After attending Wallace and Auburn University, Klages began his coaching career at Rabun County, Ga., where he coached from 1985-88. He was an assistant varsity football coach, head junior varsity football coach and an assistant coach for boys and girls basketball and baseball.

He then coached at Screven County (Ga.) in 1988-89 before being hired by Wayne Woodham as Eufaula’s defensive coordinator, head freshman/middle school coach and head baseball coach.

Klages stayed five years before landing his first head football job, doing so at New Brockton in 1994. The Gamecocks had only 16 players prior to his arrival, but he doubled the numbers to 33.

“We had to sell football before I sold myself,” Klages said. “We had a good turnout and the momentum was going the right direction. We didn’t go but 4-6, but we had a couple of close losses.

“New Brockton had a bunch of hard working kids and a supportive administration and faculty. I really enjoyed it.”

It was his only season there as a year later he had an opportunity to return to Ashford.

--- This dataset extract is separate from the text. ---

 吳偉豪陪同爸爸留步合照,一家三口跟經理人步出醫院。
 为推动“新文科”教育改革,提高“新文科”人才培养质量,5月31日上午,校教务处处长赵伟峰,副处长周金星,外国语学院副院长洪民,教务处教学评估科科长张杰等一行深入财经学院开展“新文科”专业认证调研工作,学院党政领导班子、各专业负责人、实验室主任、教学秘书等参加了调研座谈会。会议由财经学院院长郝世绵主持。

“First time back and being in the gym and they played that fight song, it was a very emotional moment,” Klages said. “A lot of folks don’t get the opportunity to coach at the school where they played. That was a special time.”

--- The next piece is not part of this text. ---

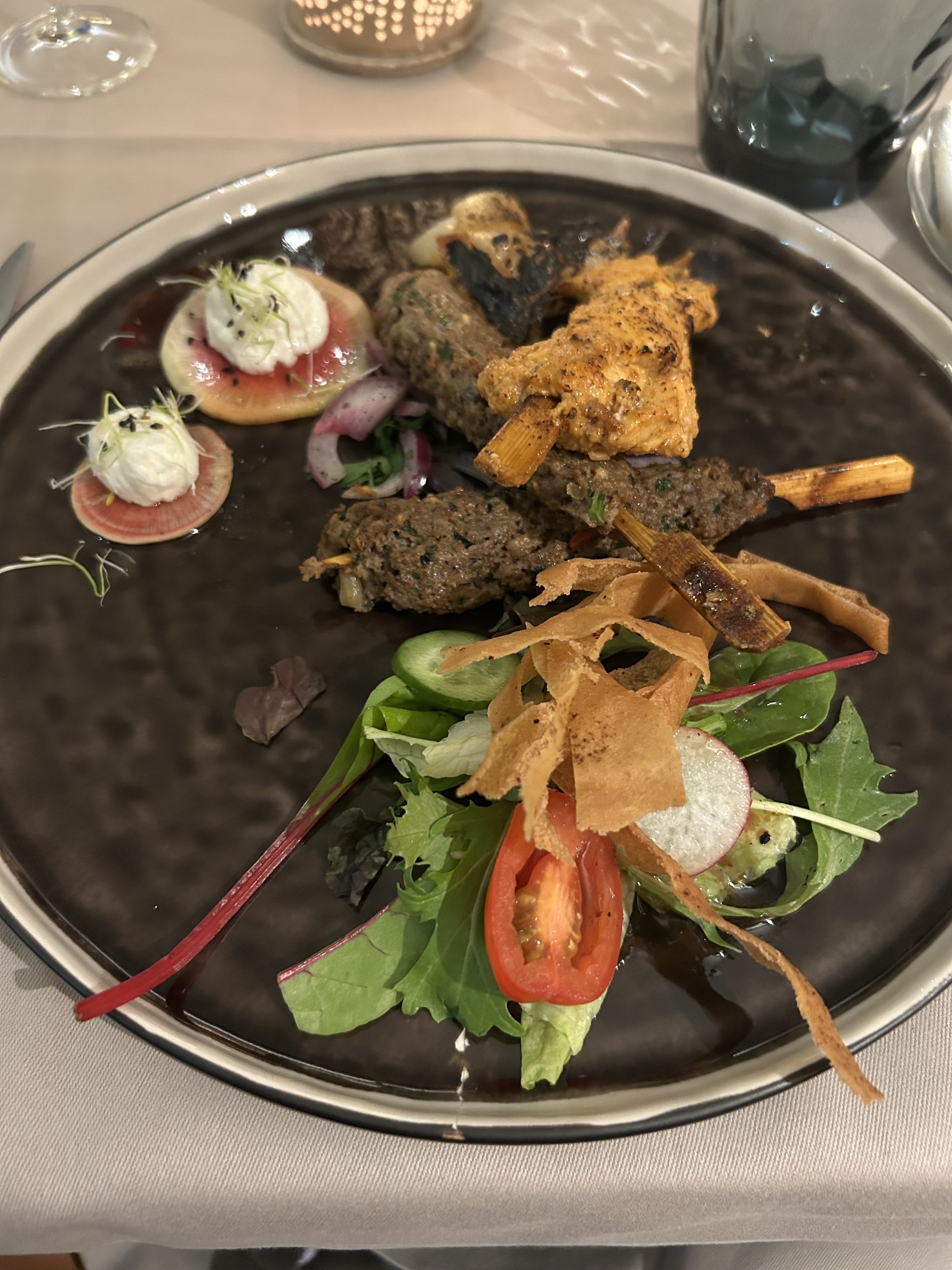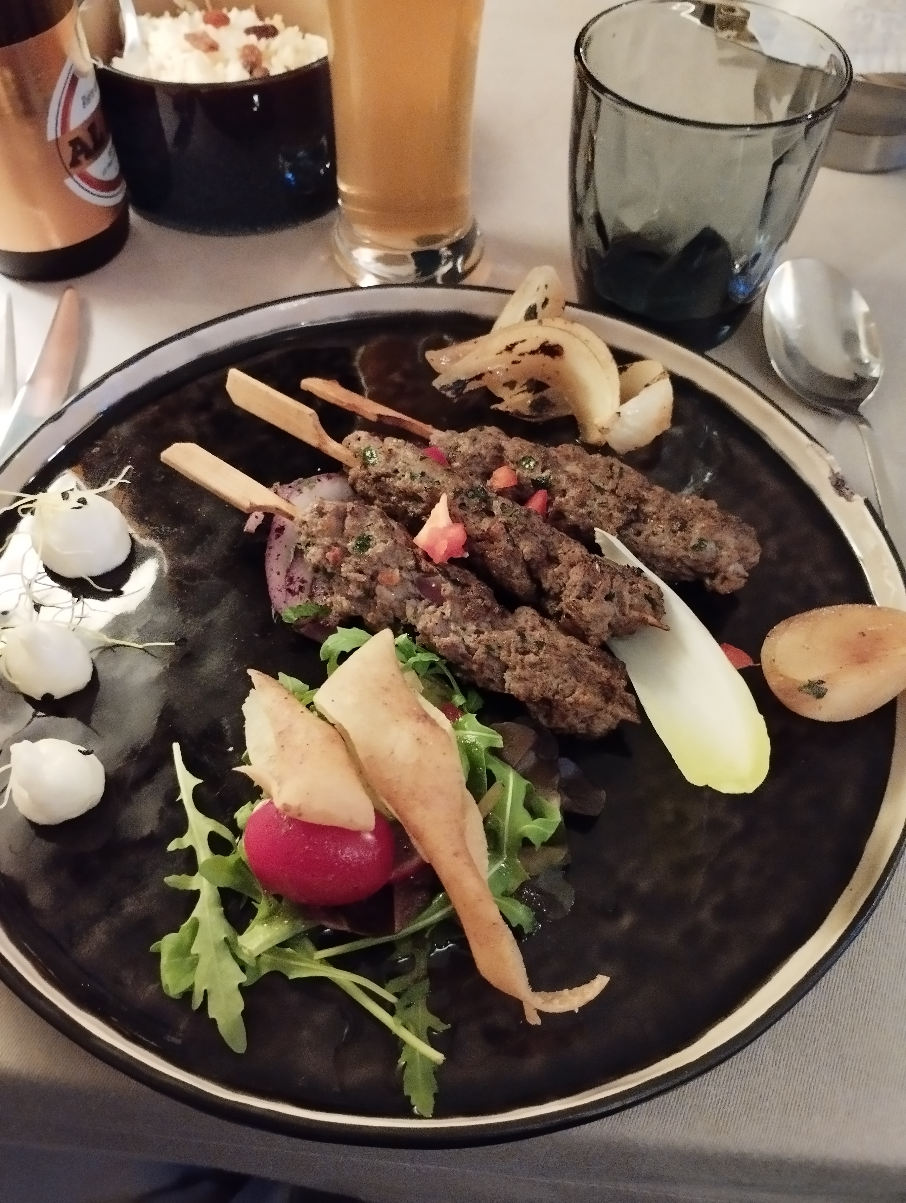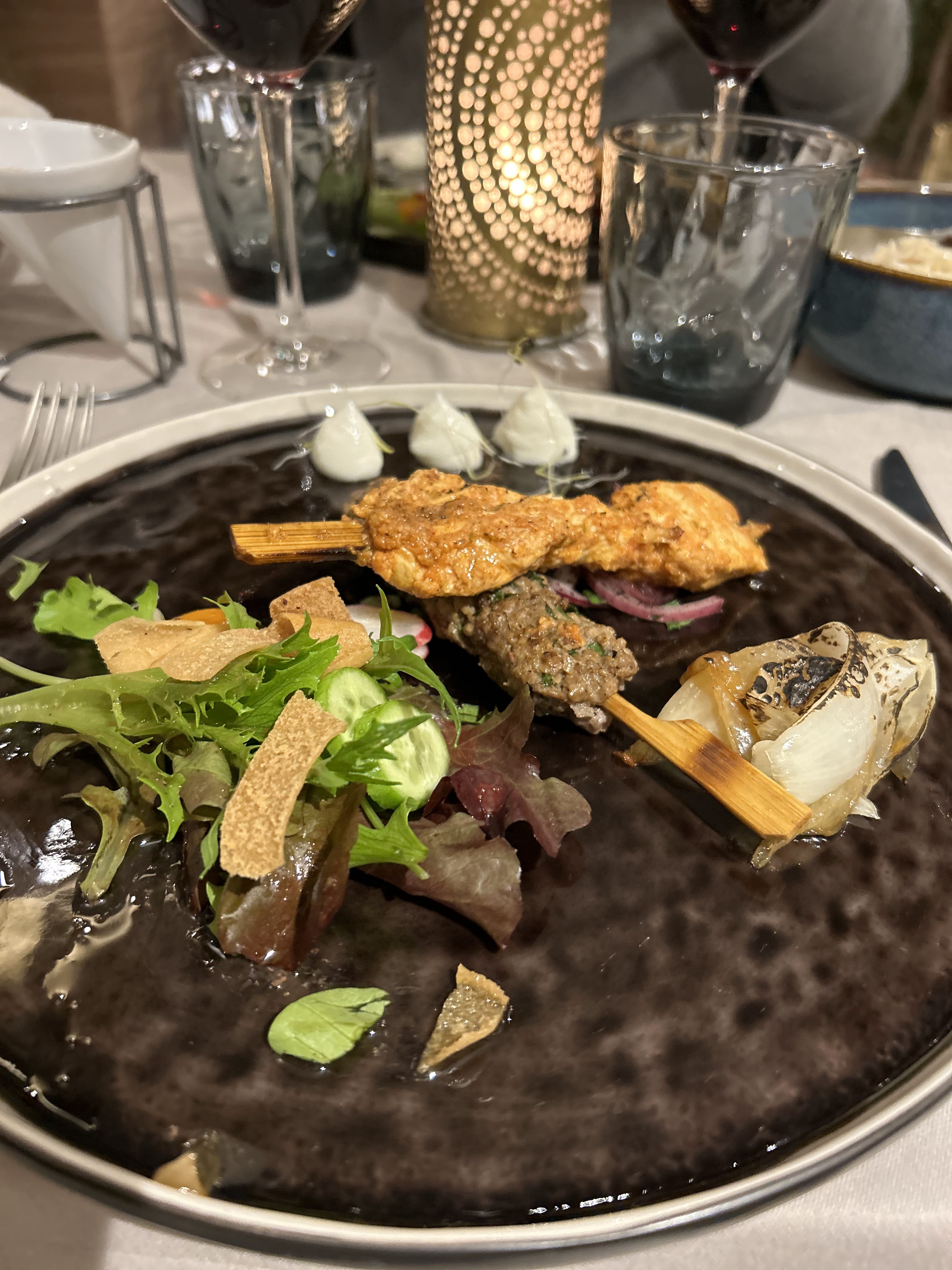 Nous avons choisi le MEZZA EXTRA, qui est une sorte de mix d'entrées froides et chaudes, accompagné d'une composition de grillades : c'était excellent!! La cuisine est parfumée, d'une simplicité étonnante mais délicate. L'accueil a été chaleureux, le cadre est très cozi avec des couleurs dorées et bleutées. On s'y sent bien. Les prix sont tout à fait raisonnables par rapport à la qualité des plats. Je recommande chaudement cette adresse +++

He coached the Yellow Jackets from 1995-99, leading the program to a 25-18 record with three playoff teams and one area title.

Eufaula head coach Mike Owens called in the spring of 1999 and he returned there. He served in Owens’ final year – a 13-1 state semifinal team – then on Shayne Wasden’s staff for four seasons before Wasden left for Troy University. Klages was hired to replace him.

The rest is Tiger history.

“My mission as a coach was to make the experience of athletics for each kid that was under my care to be the best,” Klages said. “Now, winning is always better than losing and we always wanted to win, but we wanted to have a good time. I feel kids play athletics for a lot of reasons, but the No. 1 reason is because they think it is going to be fun to do.

“I felt we needed to make sure as coaches, ‘Let’s make this fun first.’ If the kid is enjoying it, he will work harder, play harder and have that little edge that maybe someone that is doing it out of drudgery may not.

“When all is said and done, the trophies and championships kind of sit over there and collect dust, but the memories, the relationships and the good times will be what everybody looks back on. We wanted to make those as many as possible. I hope we have done that.”